‘Ik heb een aantal gekozen leiders tegen mij horen spreken die heel bot waren: ‘Deze rechtbank [the International Criminal Court] is gebouwd voor Afrika en voor misdadigers als Poetin’, vertelde een hoge leider mij.”

Het is moeilijk om te weten wat buitengewoner is: de aankondiging gisteren door aanklager Karim Khan van het Internationaal Strafhof (ICC) dat hij arrestatiebevelen zocht tegen Israëlische leiders, of de bovenstaande bekentenis, die hij dezelfde dag op CNN deed.

Het plan om hoge Israëlische leiders te arresteren vanwege de nu zeven maanden durende vernietiging van Gaza, waaronder premier Benjamin Netanyahu en minister van Defensie Yoav Gallant, brengt zowel de rechtbank als de wereld zelf in onbekende wateren. Welke leider die uitspraak ook tegen Khan heeft gedaan, ze hadden het niet helemaal bij het verkeerde eind, hoe cynisch het ook is: gedurende het grootste deel van zijn twintig jaar lange geschiedenis is het ICC eigenlijk vooral een middel geweest om achter de tinnen dictators in Afrika aan te gaan en exacte bestraffing van verschillende schurken en westerse tegenstanders in het Zuiden.

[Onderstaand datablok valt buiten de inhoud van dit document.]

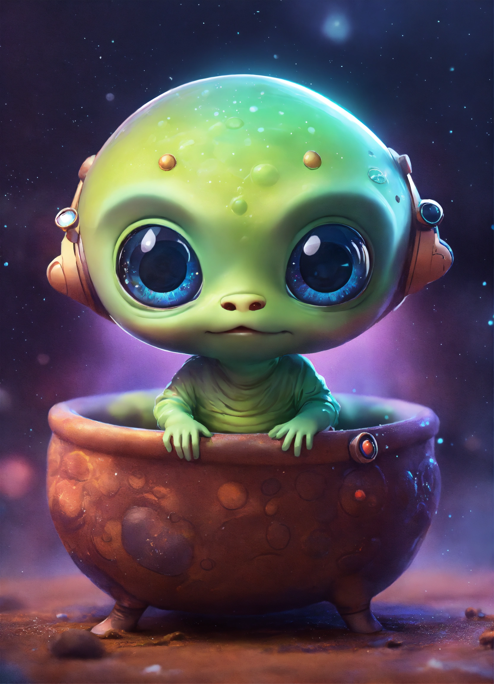 Cute and adorable cartoon alien baby, fantasy, dreamlike, surrealism, super cute, trending on artstation

In 2014, elf jaar na zijn bestaan, had het ICC alleen Afrikanen vervolgd, ondanks de tijdspanne die het door het Westen geleide oorlogen in Irak, Afghanistan, Libië, Syrië en Palestina omvatte. Tien jaar later was deze verhouding niet veel beter geworden: vóór deze aankondiging was bijna 90 procent van de aangeklaagden afkomstig uit het continent. Israël zal het eerste westerse land zijn, laat staan ​​een nauwe Amerikaanse partner, dat ooit door de rechtbank wordt aangeklaagd.

Dit is een grote doorbraak. Twee jaar geleden, toen er werd gesproken over de vervolging van Vladimir Poetin en andere Russische functionarissen wegens de invasie van Oekraïne, schreef ik dat hoewel dit zeker zou moeten gebeuren, de zeer selectieve en inconsistente toepassing van de wet door de rechtbank het risico met zich meebracht dat de beslissing eruit zou zien als een weinig meer dan geopolitieke geschillenbeslechting tegen een westerse tegenstander.

Met dit besluit maakt het ICC een einde aan deze zorgen en zet het een grote stap dichter bij de transformatie van het internationaal recht en de instellingen die bedoeld zijn om het af te dwingen in datgene wat de voorstanders altijd hebben gezegd dat het zou moeten zijn: universeel, eerlijk en blind voor de politiek. In feite is de kans groot dat deze aanklacht nooit zou hebben plaatsgevonden zonder de soortgelijke historische arrestatiebevelen die vorig jaar tegen Poetin zijn uitgevaardigd en de daaropvolgende druk op het ICC om zijn legitimiteit te behouden door ervoor te zorgen dat deze zaak een regel was en geen uitzondering.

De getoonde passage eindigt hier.